Geospatial binning with hexagons on spark
Discrete global grid systems recently got quite some attention in the GIS community when Uber released H3 https://eng.uber.com/h3/.
It is a hexagonal spatial index. Neighbours can be accessed easily.
Several tasks are supported:
- spatial index
- spatial smoothing
- efficient spatial join
And a variety of libraries around the core c based code has been created. https://github.com/uber/h3-py-notebooks nicely demonstrates how spatial anomaly detection can be quickly built using the python API.
But wouldn’t it also be great to use this functionality in spark? They do provide a java library: https://github.com/uber/h3-java
Adding this to spark is straight forward. Using your build tool of choice first add a dependency to the jar.
// https://mvnrepository.com/artifact/com.uber/h3
compile group: 'com.uber', name: 'h3', version: '3.6.0'
or just start an interactive shell such as:
spark-shell --packages 'com.uber:h3:3.6.0'
and run:
import com.uber.h3core.H3Core
import org.apache.spark.sql.expressions.UserDefinedFunction
import org.apache.spark.sql.DataFrame
@transient lazy val h3 = new ThreadLocal[H3Core] {
override def initialValue() = H3Core.newInstance()
}
def convertToH3Address(xLong: Double, yLat: Double, precision: Int): String = {
h3.get.geoToH3Address(yLat, xLong, precision)
}
val geoToH3Address: UserDefinedFunction = udf(convertToH3Address _)

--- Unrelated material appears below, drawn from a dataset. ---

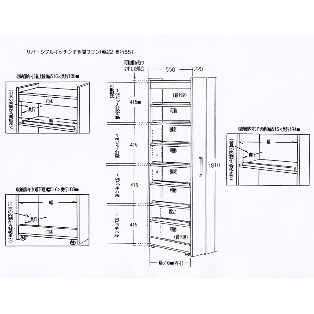 [幅22奥行55cm] リバーシブルキッチンすき間収納ワゴン 日本製 キッチンストッカー 隙間収納 キッチン収納 630044
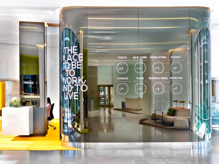 公共空间温馨、活泼、自发。自助咖啡吧和带迷人化妆镜的小型美容休息室和健康中心营造出一种安静的呵护氛围,像休息室一样的共享办公空间被称为“数字冰块”的亮绿色玻璃部分封闭。#广州办公室装修#

def createSpatialIndexAddress(result: String,
XLongColumn: String,
YLatColumn: String,
precision: Int)(df: DataFrame): DataFrame = {
df.withColumn(
result,
geoToH3Address(col(XLongColumn), col(YLatColumn), lit(precision)))
}
which can now be used as:
val df = Seq((1,2), (3,4)).toDF("x", "y")
df.transform(createSpatialIndexAddress("h3","x", "y", 7)).show(false)
+---+---+---------------+
|x |y |h3 |
+---+---+---------------+
|1 |2 |877545796ffffff|
|3 |4 |8775642cdffffff|
+---+---+---------------+
Other functions of the H3 library can be supported similarly. Using the hexagons greatly simplifies efficient spatial smoothing and aggregation (hexbinning).